From 1 May 2026, the only legal way to increase rent on an assured periodic tenancy in England is by serving a Form 4A Section 13 notice. Contractual rent review clauses in tenancy agreements no longer have any effect. For landlords across Huntingdonshire with annual review dates arriving this summer, the window to serve is now, and getting the notice right the first time matters.
What changed on 1 May 2026?
The Renters' Rights Act 2025 abolished fixed-term assured tenancies and converted all existing assured tenancies to periodic tenancies. In parallel, the Housing Act 1988 Section 13 procedure was overhauled and the new prescribed Form 4A replaced the old Form 4.
Before the Act, many landlords relied on a rent review clause written into the tenancy agreement to increase rent at the anniversary date. Those clauses are void from 1 May 2026. Only Section 13 and Form 4A can trigger a lawful increase.
Two substantive rules run alongside the form requirement: rent can only be increased once every 52 weeks, and the proposed new rent must not exceed the open market rent for the property at the time of review. Both rules apply whether the tenancy started before or after 1 May 2026.
How does Form 4A work?
The notice must use the prescribed Form 4A, available from GOV.UK's assured tenancy forms page. Serving it correctly requires the following:
- ·Give at least two months' written notice before the date the increase is to take effect.
- ·State the proposed new rent figure clearly.
- ·State the date from which the new rent applies. That date must fall at the start of a rental period, for example the first of the month on a monthly tenancy.
- ·Keep a dated record of service: an email delivery receipt or a signed acknowledgement from the tenant.
A worked example: a landlord in Huntingdon serves Form 4A on 10 June 2026. On a monthly tenancy running from the first of the month, the earliest eligible start date is 1 September 2026, the first rental period beginning at least two months after service. The tenant has until 1 September to accept the figure or refer it to the First-tier Tribunal.
Can tenants challenge a Section 13 increase?
Yes. A tenant who considers the proposed rent above the local market rate can refer the Form 4A notice to the First-tier Tribunal (Property Chamber) free of charge. The tribunal carries out an independent market rent determination. If the proposed figure is at or below market for comparable lets in the area, the tribunal is likely to confirm it. If it is above market, the tribunal will reduce it.
The practical implication: before serving, check the proposed figure against current asking rents for similar properties nearby. Our letting agents in Huntingdon and Brampton cover the full Huntingdonshire corridor and can provide a current rental valuation before you serve.
What mistakes are landlords making with Section 13?
Three errors have surfaced since the Act came in on 1 May 2026:
- 1.Sending a rent review letter or relying on the old contractual clause instead of Form 4A. Neither has legal effect from 1 May 2026. The increase simply will not take effect.
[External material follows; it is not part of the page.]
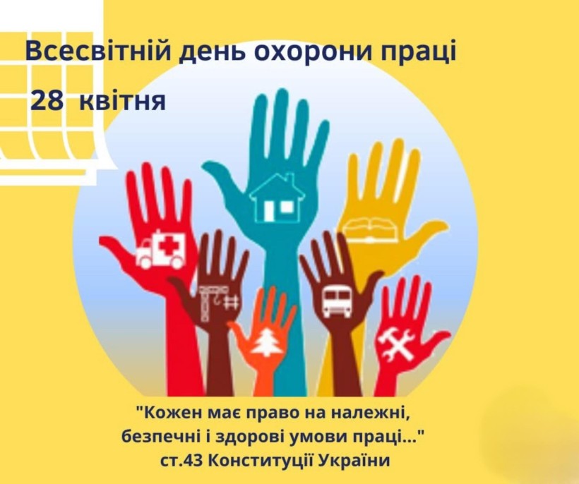 Щороку 28 квітня в Україні відповідно до Указу Президента України від 18 серпня 2006 року № 685/2006 відзначається День охорони праці. Ця дата покликана привернути увагу суспільства, органів державної влади та роботодавців до важливості створення безпечних і здорових умов праці, запобігання виробничому травматизму та професійним захворюванням.

- 2.Giving less than two months' notice. A Form 4A that does not meet the notice period is void, and the landlord must start again from scratch.
- 3.Proposing a figure above the open market rate. The tribunal will reduce it, and the landlord has delayed the review in the process. A market-anchored figure is unlikely to be challenged at all.
For a broader overview of how the Act has changed day-to-day letting practice, see our earlier guide to the Renters' Rights Act: the first weeks in Huntingdonshire.
What should Huntingdonshire landlords do right now?
If your tenancy's annual review date falls in July, August or September 2026, you need to serve Form 4A in June or early July to allow the full two months' notice. The checklist:
- 1.Identify the date the rent was last increased (or the tenancy start date if it has never been reviewed).
- 2.Add 52 weeks to confirm the earliest date an increase can take effect.
- 3.Count back two months from that date to find the earliest valid service date.
- 4.Check the proposed figure against current market rents for the area.
- 5.Download Form 4A from GOV.UK, serve it in writing, and keep a dated record.
Our landlord compliance guidance covers Form 4A alongside the full range of current requirements. If you are uncertain about current market rents for your property, our Tenancy MOT service includes a rent-review timing check and a rental valuation as standard.
Sources: GOV.UK, 'Assured tenancy forms for privately rented properties from 1 May 2026'; Housing Act 1988, Section 13; The Assured Tenancies (Private Rented Sector) (Prescribed Forms and Transitional Provisions) (England) Regulations 2026 (SI 2026/354); NRLA, 'Rent increases: assured tenancies', May 2026.